### Exercise instructions
Exactly the lines from the one with "卡操作計數器是根據卡的操作自" through the end of the data below must be set down, and no pictures with them.

### Supplied records
#####

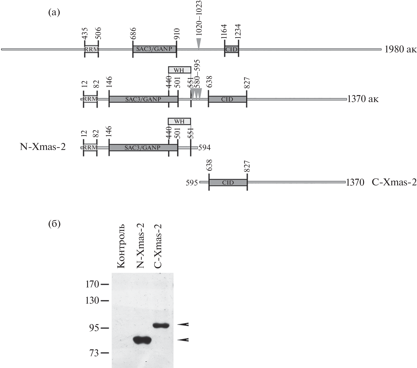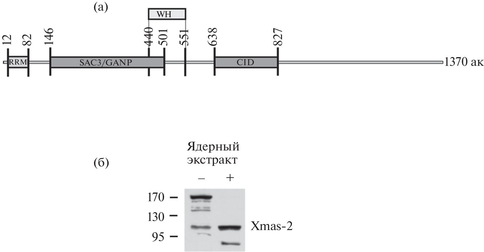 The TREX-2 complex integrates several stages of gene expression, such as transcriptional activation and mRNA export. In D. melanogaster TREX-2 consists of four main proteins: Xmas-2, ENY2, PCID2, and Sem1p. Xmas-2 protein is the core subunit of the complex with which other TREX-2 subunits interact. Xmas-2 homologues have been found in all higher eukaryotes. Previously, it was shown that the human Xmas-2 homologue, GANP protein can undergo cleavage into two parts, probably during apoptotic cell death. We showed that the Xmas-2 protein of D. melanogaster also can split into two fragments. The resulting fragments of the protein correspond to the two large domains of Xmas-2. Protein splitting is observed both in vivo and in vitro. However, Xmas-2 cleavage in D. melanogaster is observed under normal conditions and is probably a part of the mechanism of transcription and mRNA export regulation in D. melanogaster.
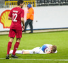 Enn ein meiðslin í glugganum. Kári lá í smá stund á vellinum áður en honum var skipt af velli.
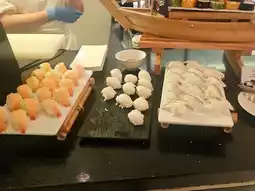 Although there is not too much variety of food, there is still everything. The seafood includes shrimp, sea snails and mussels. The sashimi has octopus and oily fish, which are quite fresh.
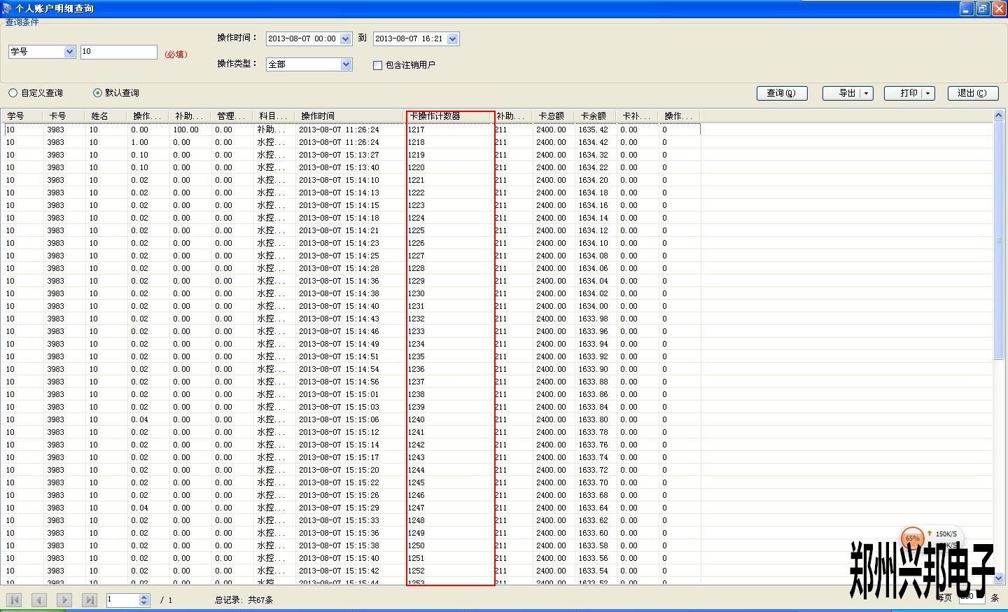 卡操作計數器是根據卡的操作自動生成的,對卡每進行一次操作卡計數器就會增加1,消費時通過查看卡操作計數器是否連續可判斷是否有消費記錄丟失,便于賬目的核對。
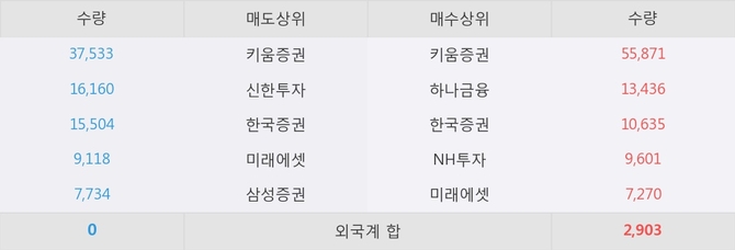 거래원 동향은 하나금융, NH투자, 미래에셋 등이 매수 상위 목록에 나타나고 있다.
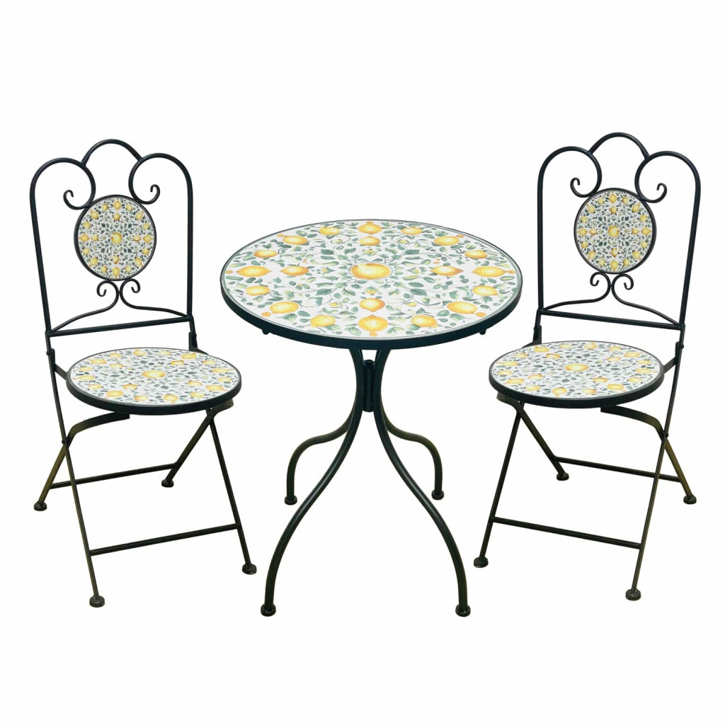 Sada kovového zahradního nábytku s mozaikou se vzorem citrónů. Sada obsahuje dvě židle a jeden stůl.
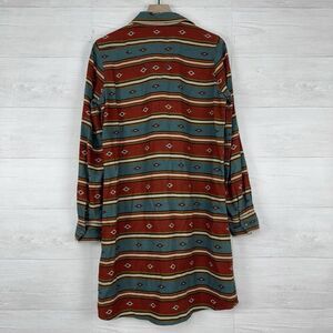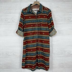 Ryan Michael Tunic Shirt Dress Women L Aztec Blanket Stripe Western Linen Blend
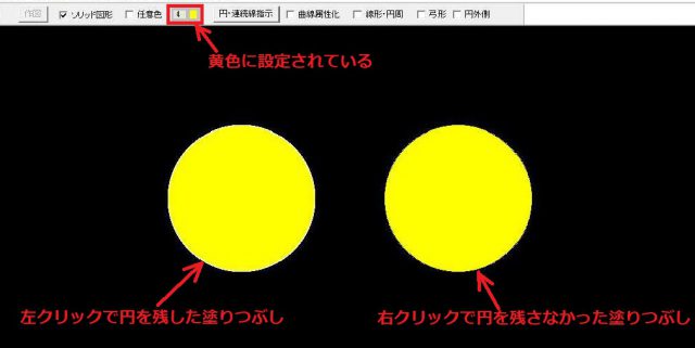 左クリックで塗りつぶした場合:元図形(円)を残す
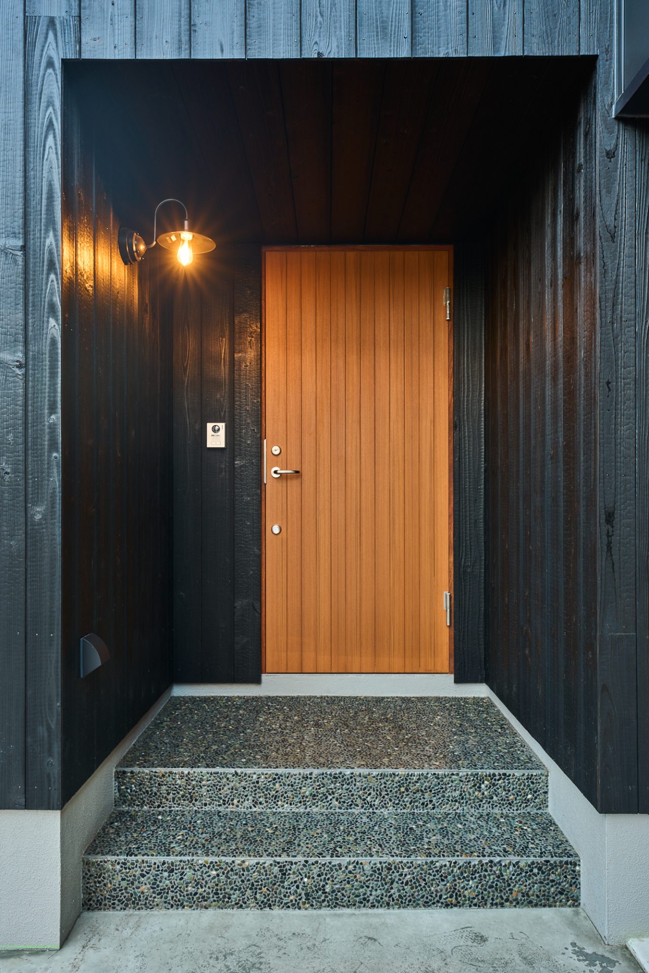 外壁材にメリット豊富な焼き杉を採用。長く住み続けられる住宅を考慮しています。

#####

### Task solution
 卡操作計數器是根據卡的操作自動生成的,對卡每進行一次操作卡計數器就會增加1,消費時通過查看卡操作計數器是否連續可判斷是否有消費記錄丟失,便于賬目的核對。
 거래원 동향은 하나금융, NH투자, 미래에셋 등이 매수 상위 목록에 나타나고 있다.
 Sada kovového zahradního nábytku s mozaikou se vzorem citrónů. Sada obsahuje dvě židle a jeden stůl.
 Ryan Michael Tunic Shirt Dress Women L Aztec Blanket Stripe Western Linen Blend
 左クリックで塗りつぶした場合:元図形(円)を残す
 外壁材にメリット豊富な焼き杉を採用。長く住み続けられる住宅を考慮しています。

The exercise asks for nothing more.